Judgment of sentence affirmed.

Concurring Statements filed by CAVANAUGH and DEL SOLE, JJ.

Concurring and Dissenting Opinion filed by CIRILLO, President Judge Emeritus, which is joined by POPOVICH and JOHNSON, JJ.

. Appellant also attempted to have his statements suppressed prior to trial, but was unsuccessful.

. These changes were noted in a highly-regarded article published in the University of Pennsylvania Law Review in 1955. The author of the Note, who is not named, reasoned that the fear of confessions based on third degree tactics by police or the mental derangement of the suspect, while significant, are not necessarily lessened by the requirements of the corpus delicti rule:

[I]t would seem that the greatest danger that the police will use third degree methods or that the defendant will succumb to the suggestive influence of long hours of questioning by the police exists where there is some independent evidence that a crime was committed, which has led the police to undertake an investigation.
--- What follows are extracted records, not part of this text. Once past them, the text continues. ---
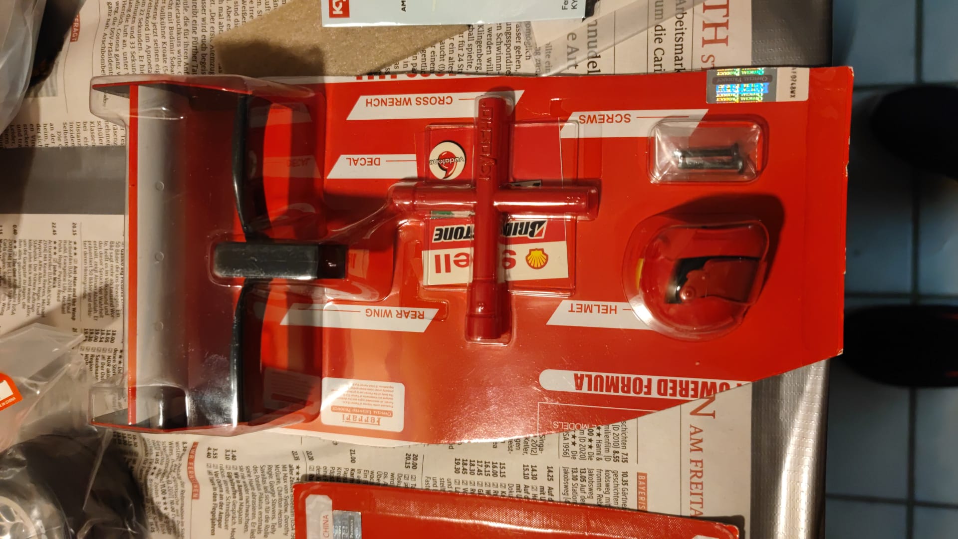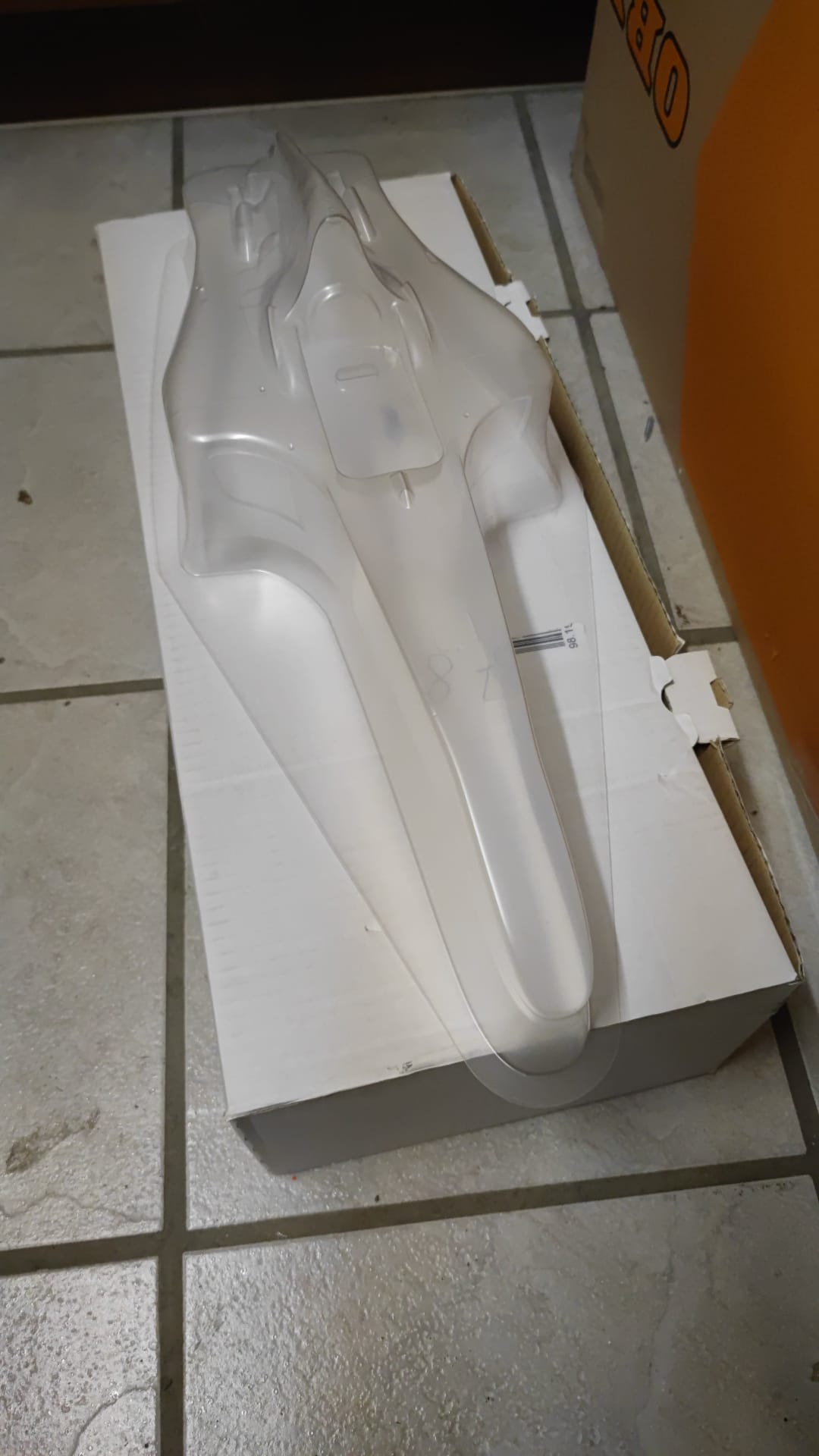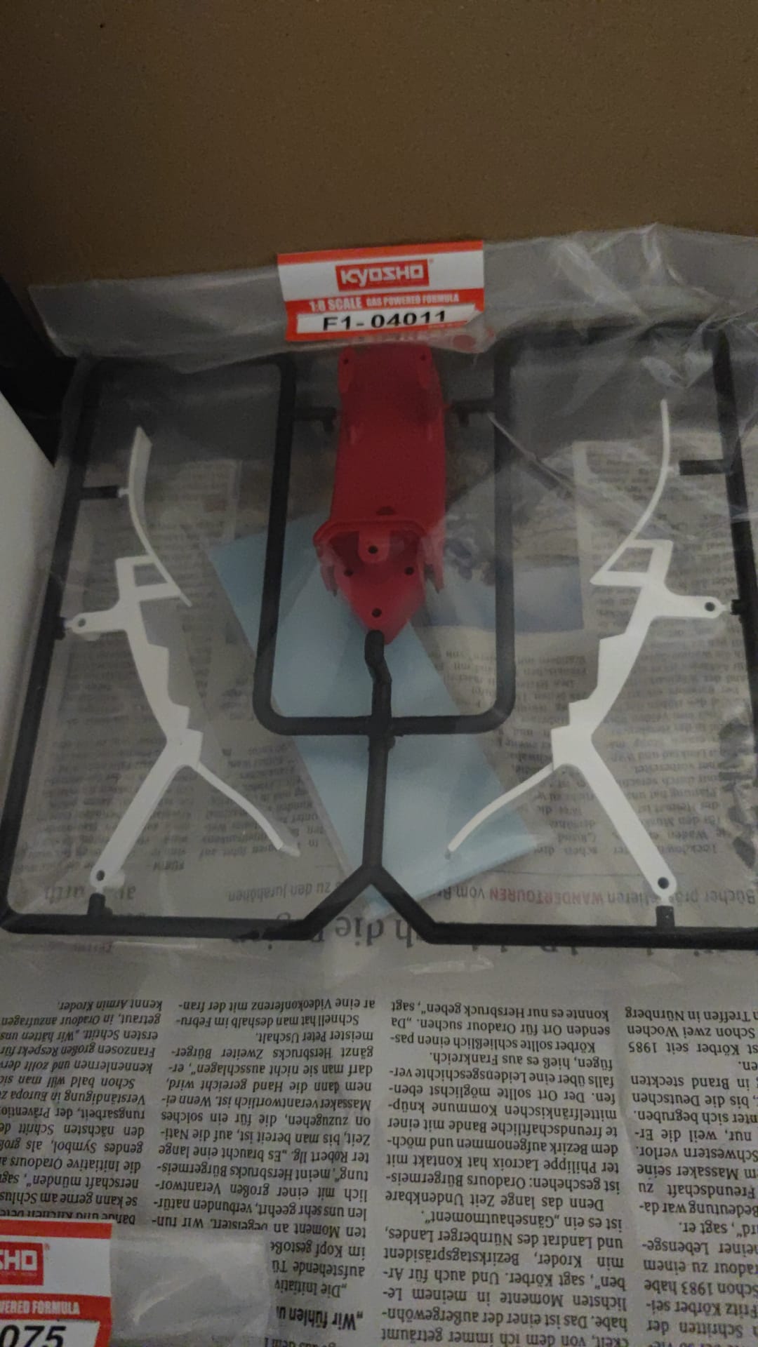 Was das durchsichtige Teil ist, keine Ahnung.... die rote Karosse dagegen ist aus Polycarbonat. Dafür sind auch die Decals dabei und die Karosserie werde ich auch nochmal selbst lackieren.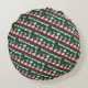 A funny dog choir on a Christmas themed round pillow or cushion. Use "Personalize this template" to change the "Bark! the herald angels sing!" pun and create a unique, customized Christmas accessory. Featuring six toy dog breeds singing carols, including a Dachshund, Yorkie, Bichon Frise, Chihuahua, a Pomeranian and a Pug. Each doggy choirboy is wearing traditional red and white robes and holding a hymn book and candle.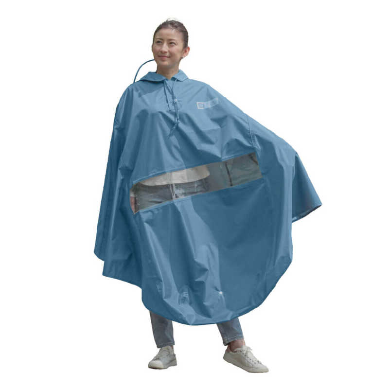 ポンチョ型だから、急な雨でも素早く着用できる。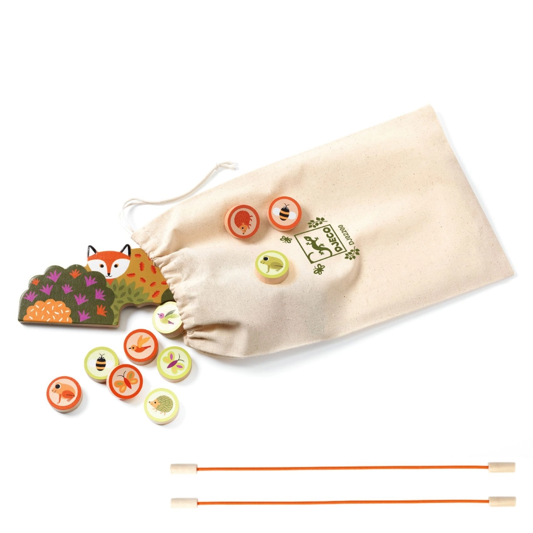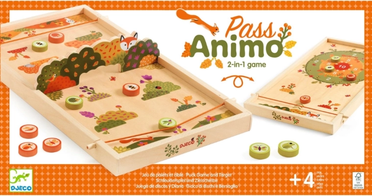 Il gioco Pass Animo di Djeco offre due modalità su un’unica robusta plancia in legno con incantevoli illustrazioni del bosco. Da un lato ti godi rapidi tiri “flick” di dischi in legno tramite lanciatori elastici verso bersagli numerati; dall’altro, la pesca e l’abbinamento dei gettoni-animale con l’aiuto di canne o regole semplificate per i più piccoli. Regole semplici e round veloci lo rendono il gioco di famiglia ideale.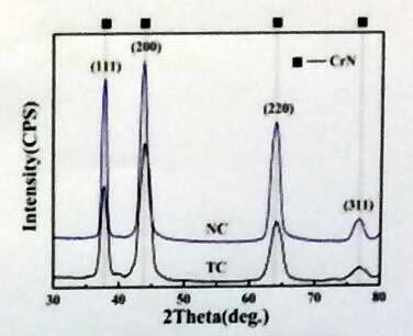 CrN相有(111)、(200)、(220)和(311)方向的衍射峰。NC所有衍射峰相比于TC的衍射峰整體變強,說明新型離子清洗技術(shù)有效提高了CrN相的結(jié)晶度。物相檢測中未檢測出AlN相是因為Al原子以固溶物的形式存在于面心立方的CrN相中。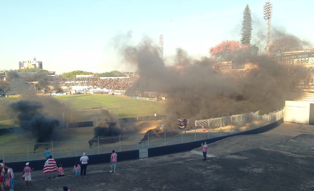 A torcida organizada do Londrina EC ainda não havia chegado, apenas o chamado “torcedor comum” já estava presente para acompanhar a entrada dos times.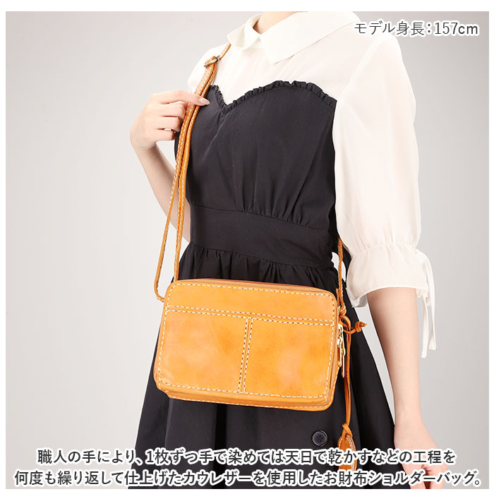 | 商品説明 | ・・職人の手により、1枚ずつ手で染めては天日で乾かすなどの工程を何度も繰り返して仕上げたカウレザーを使用したお財布ショルダーバッグ。 ・【zucchero/ズッケロシリーズ】 ・主な素材にナチュラルレザーを使用したライン。 ・ナチュラルレザーならではのテイストと、現代的なスパイスを取り入れたカジュアルさを両立したバッグ。 ・【こだわりのあるデザイン】 ・ひと目で本革とわかるナチュラルな風合い。素朴な匂いや革本来の色の濃淡が、使い込む程に愛着がわいてくる。 ・クッタリと柔らかくなり、革の色が焼けてくるエイジング・レザーを使用。革本来の持つ、色の濃淡が使い込む程に深みが増し、使い込む程にソフトになり、持つ人に馴染む。 ・経年変化を楽しめるのもポイント。 ・【ボックス型&お財布機能つき】 ・コロンとした可愛らしいボックス型。ちょっとしたお出掛けにも便利なお財布ケースつきなので、このバッグ1つで出かけらるのもポイント! ・内側は細かく分かれており、カードも収納可能。 ・【ショルダーベルト】 ・長さ調整可能なショルダーベルトなので、肩掛け、ななめ掛け両スタイルが楽しめる。 ・【ポケット仕様】 ・メイン:オープンポケット×2 ・お財布:カード入れ×6 小銭入れ×1 お札入れ×2、オープンポケット×1 ・背面:オープンポケット×1 |
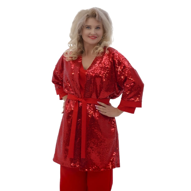 Шукаєте костюм, який ідеально поєднує в собі елегантність, комфорт та стиль, при цьому не вимагаючи великих витрат? Розпакуй TV пропонує вам відмінне рішення – Костюм Сяйво! Цей костюм не тільки зручний, але й виглядає розкішно завдяки поєднанню блузи та штанів прямого крою з вишуканим кардиганом-накидкою на поясі. Його елегантний дизайн з паєтками на кардигані та лаконічність однотонних штанів та блузи додадуть вишуканості вашому образу.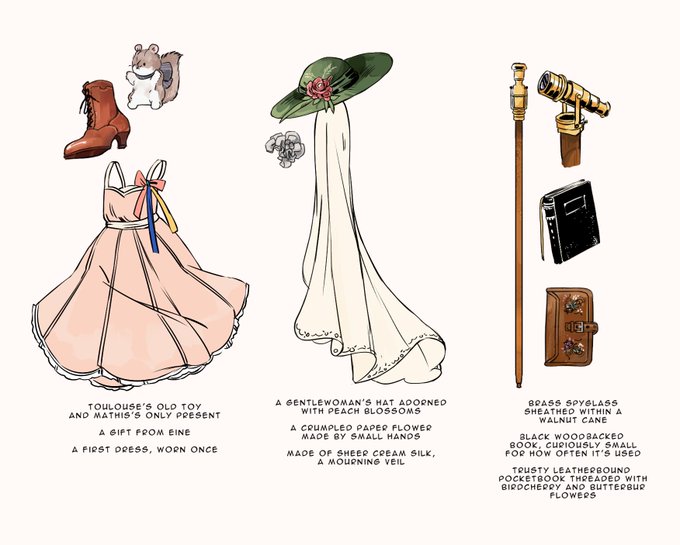 Designs for side characters in Ma mère l'Oye! Toulouse's older brother, a father and daughter, a lance lesbian, and a rather big butler 🐇

Likewise, the danger of a pathological confession would be as great where the question is who committed a crime as where the question is whether a crime is committed.

Note, supra, at 648.

. The court then held that since the order of proof was a discretionary matter left to the trial judge, the fact that the Commonwealth ultimately established the corpus delicti was sufficient for admission of the statement.

. In addition to his DUI charge, appellant was found guilty of two summary violations, driving with a suspended license and leaving the scene.

. Appellant raised two additional issues in his initial brief to the panel. First, he alleged error . on the part of the trial court in admitting hearsay statements made to Officer Burkhardt by witnesses on the scene. Our review of the record reveals that Officer Burkhardt was not permitted to testify to anything he was told by those present at the scene of the accident. Second, appellant argues that the evidence was insufficient to support his conviction for DUI. Again, the record belies this claim and we find it meritless.

. There are two distinct holdings in this case, both of which are made with a majority of members of the court. The first holding, that all statements made by an accused that are material to the prosecution's case are subject to the corpus delicti rule, is joined by seven judges of this court: McEwen, P.J., Cirillo, P.J.E., and Beck, Tamilia, Popovich, Johnson and Hudock, JJ. The second holding, that the closely related crime exception to the corpus delicti rule is applicable in this case, is joined by six judges of this court: McEwen, P.J., Cavanaugh, Del Sole, Beck, Tami-lia, and Hudock, JJ.